Bugün madem "köylerden" bahsettik. Öyleyse bir de "köy odası hikayesi."
Pek çok köyde "köy odası" vardır.
Köylüler akşamları toplanır, çay içerler.
Bazen siyasetten, bazen futboldan konuşurlar.
Bazen de "avcı hikayeleri" anlatırlar.
***
Sanayi ve Ticaret Bakanı Ali Coşkun'un köyü Başpınar'da da
"köy odası" var.
Yerlerde minderler.
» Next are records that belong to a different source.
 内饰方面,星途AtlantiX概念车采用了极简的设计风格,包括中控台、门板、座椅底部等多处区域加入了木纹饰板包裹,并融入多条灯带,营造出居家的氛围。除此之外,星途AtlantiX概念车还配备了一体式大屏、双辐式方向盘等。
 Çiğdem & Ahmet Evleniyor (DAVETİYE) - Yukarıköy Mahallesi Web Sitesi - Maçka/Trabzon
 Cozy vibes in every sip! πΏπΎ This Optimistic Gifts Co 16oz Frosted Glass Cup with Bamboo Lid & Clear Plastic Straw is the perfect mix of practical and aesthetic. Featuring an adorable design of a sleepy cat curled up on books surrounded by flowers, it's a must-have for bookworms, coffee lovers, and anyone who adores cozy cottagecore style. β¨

Oraya gittiğimizde "anlatın bakalım ağalar" demiştik de...
27 yıldır Erzincan'da İl Genel Meclisi Üyesi olan Şerafettin Özer bir "avcı hikayesi" anlatıvermişti.
***
Köylü, gündüzden komşusuna tembih etmiş:
- Akşam köy odasında ne anlatırsam, sen "ben de oradaydım, gördüm" diye onaylayacaksın... Al sana bunun için on lira.
Akşam, köy odasına toplanılmış.
"Bizimki" başlamış anlatmaya:
- Ava çıktım... Baktım uzakta bir dağ keçisi... Nişan aldım, tetiğe bastım... Saçmalardan biri keçinin önce tırnağını deldi, sonra kulağını, ardından boynuzunu... Keçi devrildi.
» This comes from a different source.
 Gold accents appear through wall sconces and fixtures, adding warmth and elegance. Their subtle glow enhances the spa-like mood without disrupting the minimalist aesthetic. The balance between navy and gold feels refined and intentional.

Herkes "yok deve" diyecekken...
"Komşusu" imdada yetişmiş:
- Oradaydım, ben de gördüm.
***
"Bizimki" atmayı sürdürmüş...
- Derken, bir bıldırcın sürüsü çıktı... Saydım, tam 40 bıldırcın... Ateş ettim... 39 bıldırcın düştü... Biri kaçıyor, tüfekten çıkan saçma da onu kovalıyordu... Bıldırcın sağa sola dönüyor, saçma da peşinden kıvrılıyordu.
Herkes ağzı açık dinlerken...
"Komşu" cebindeki on lirayı çıkarıp, "bizimkine" fırlatmış:
- Al paranı başına çal... Artık bu kadarını da onaylamam... Orada değildim, görmedim.